Forty-eight hours after transfection, cells were plated in 96-well plates in media containing 10% FBS at about 2,000 cells/well, and cell viability was determined using the MTT assay. Briefly, 20 μL of 5 mg/mL MTT solution (Sigma, St. Louis, MO, USA) was added to each well and incubated for 4 h at 37 °C. Then, the medium was removed from each well and the resultant MTT formazan was solubilized in 150 μL of DMSO (Sigma, St. Louis, MO, USA). The results were quantified spectrophotometrically (Bio-Rad Technology, CA, USA) using a test wavelength of 490 nm.

RNA extraction and real-time RT-PCR (RT-qPCR)

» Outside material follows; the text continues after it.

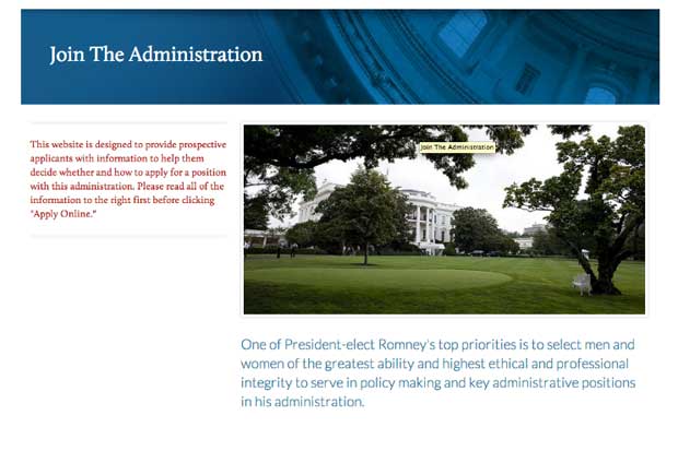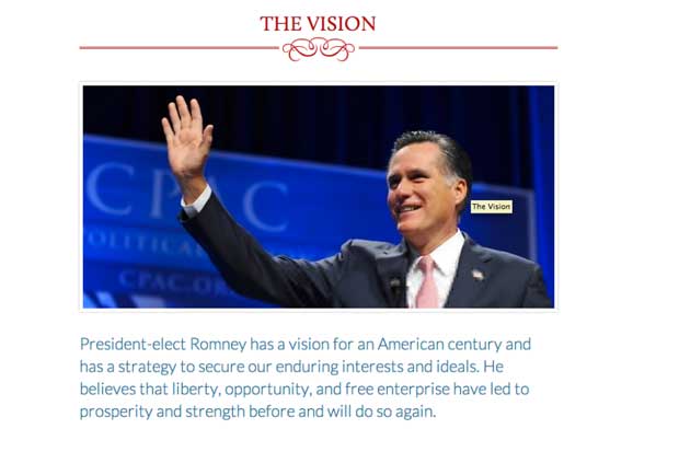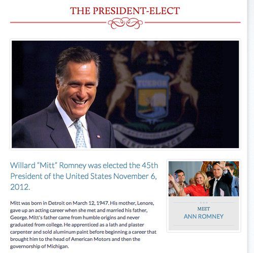 میت رامنی کاندیدای جمهوری خواهان در انتخابات ریاست جمهوری آمریکا به اندازه ای به پیروزی خود در این رقابت اطمینان داشت که حتی وب سایتی برای پیروزی خود ایجاد کرده بود.

Cells were transfected with the indicated plasmid or siRNA. After 48 h, RNA was extracted and RT-qPCR assays were performed as described previously.20 The relative transcript levels of genes were normalized to GAPDH mRNA levels. Primers were synthesized (Sangon Biotech, Shanghai, China) using the sequences listed below:

FRMPD1: 5′-TGCGACACACAGTAAAGATAGAC-3′ (forward)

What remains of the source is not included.